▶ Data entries

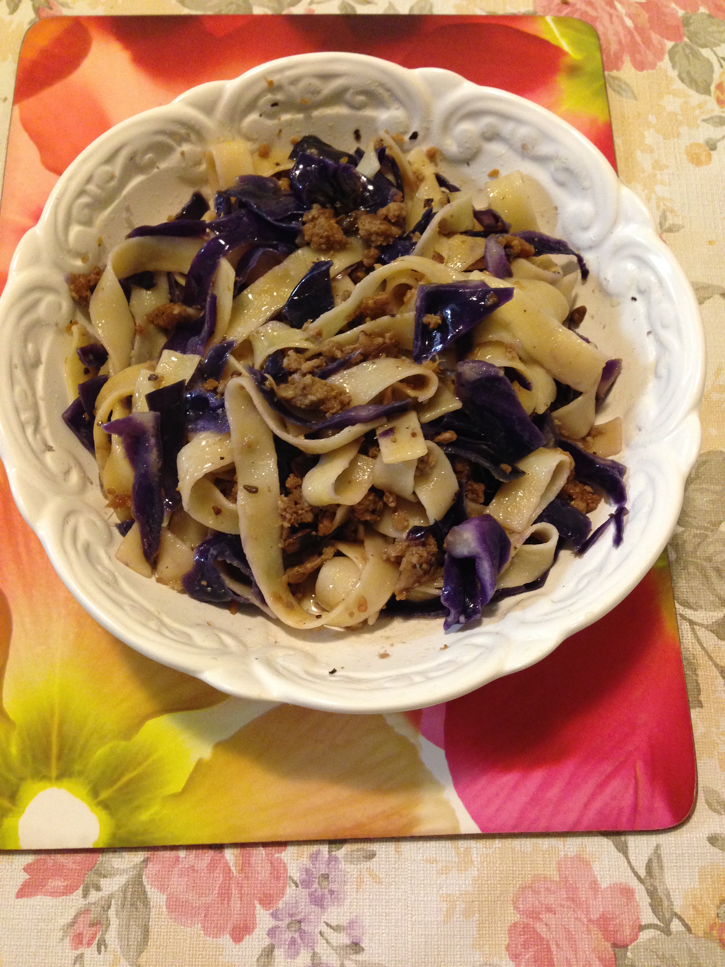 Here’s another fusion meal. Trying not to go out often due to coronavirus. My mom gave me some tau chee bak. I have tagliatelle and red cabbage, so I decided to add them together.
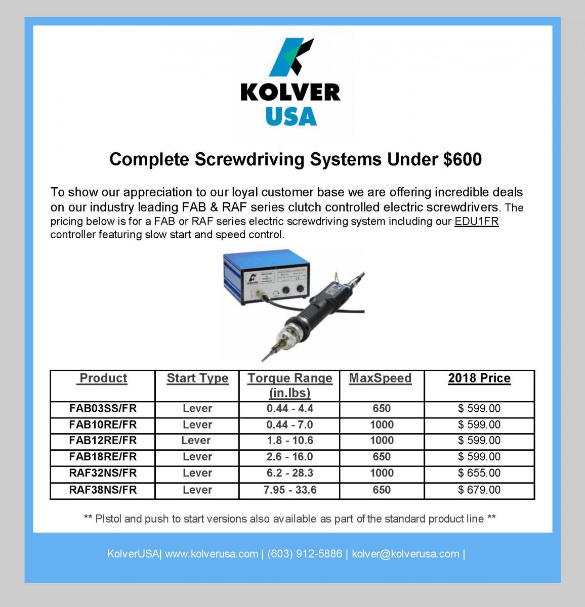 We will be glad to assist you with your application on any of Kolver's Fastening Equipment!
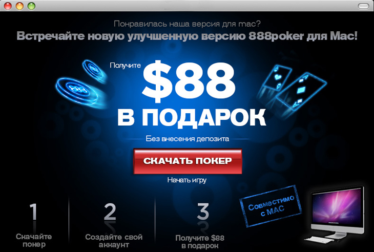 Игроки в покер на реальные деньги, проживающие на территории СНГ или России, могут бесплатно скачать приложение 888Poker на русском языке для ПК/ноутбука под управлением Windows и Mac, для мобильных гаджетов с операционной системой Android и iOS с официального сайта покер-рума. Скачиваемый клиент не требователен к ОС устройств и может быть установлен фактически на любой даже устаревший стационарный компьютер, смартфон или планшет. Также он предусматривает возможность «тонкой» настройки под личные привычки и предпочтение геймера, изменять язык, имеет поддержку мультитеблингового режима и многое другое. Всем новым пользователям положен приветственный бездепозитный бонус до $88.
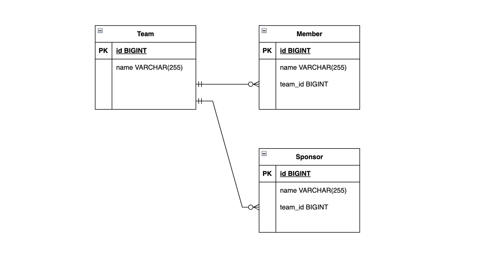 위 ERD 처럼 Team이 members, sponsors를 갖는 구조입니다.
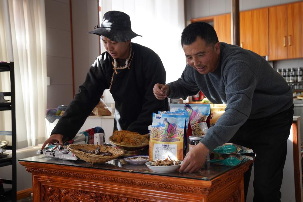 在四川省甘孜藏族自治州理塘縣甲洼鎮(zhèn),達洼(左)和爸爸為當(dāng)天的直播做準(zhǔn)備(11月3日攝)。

▶ Work to complete
Your copy should match the records above word for word, but without images.

▶ Solved problem
 Here’s another fusion meal. Trying not to go out often due to coronavirus. My mom gave me some tau chee bak. I have tagliatelle and red cabbage, so I decided to add them together.
 We will be glad to assist you with your application on any of Kolver's Fastening Equipment!
 Игроки в покер на реальные деньги, проживающие на территории СНГ или России, могут бесплатно скачать приложение 888Poker на русском языке для ПК/ноутбука под управлением Windows и Mac, для мобильных гаджетов с операционной системой Android и iOS с официального сайта покер-рума. Скачиваемый клиент не требователен к ОС устройств и может быть установлен фактически на любой даже устаревший стационарный компьютер, смартфон или планшет. Также он предусматривает возможность «тонкой» настройки под личные привычки и предпочтение геймера, изменять язык, имеет поддержку мультитеблингового режима и многое другое. Всем новым пользователям положен приветственный бездепозитный бонус до $88.
 위 ERD 처럼 Team이 members, sponsors를 갖는 구조입니다.
 在四川省甘孜藏族自治州理塘縣甲洼鎮(zhèn),達洼(左)和爸爸為當(dāng)天的直播做準(zhǔn)備(11月3日攝)。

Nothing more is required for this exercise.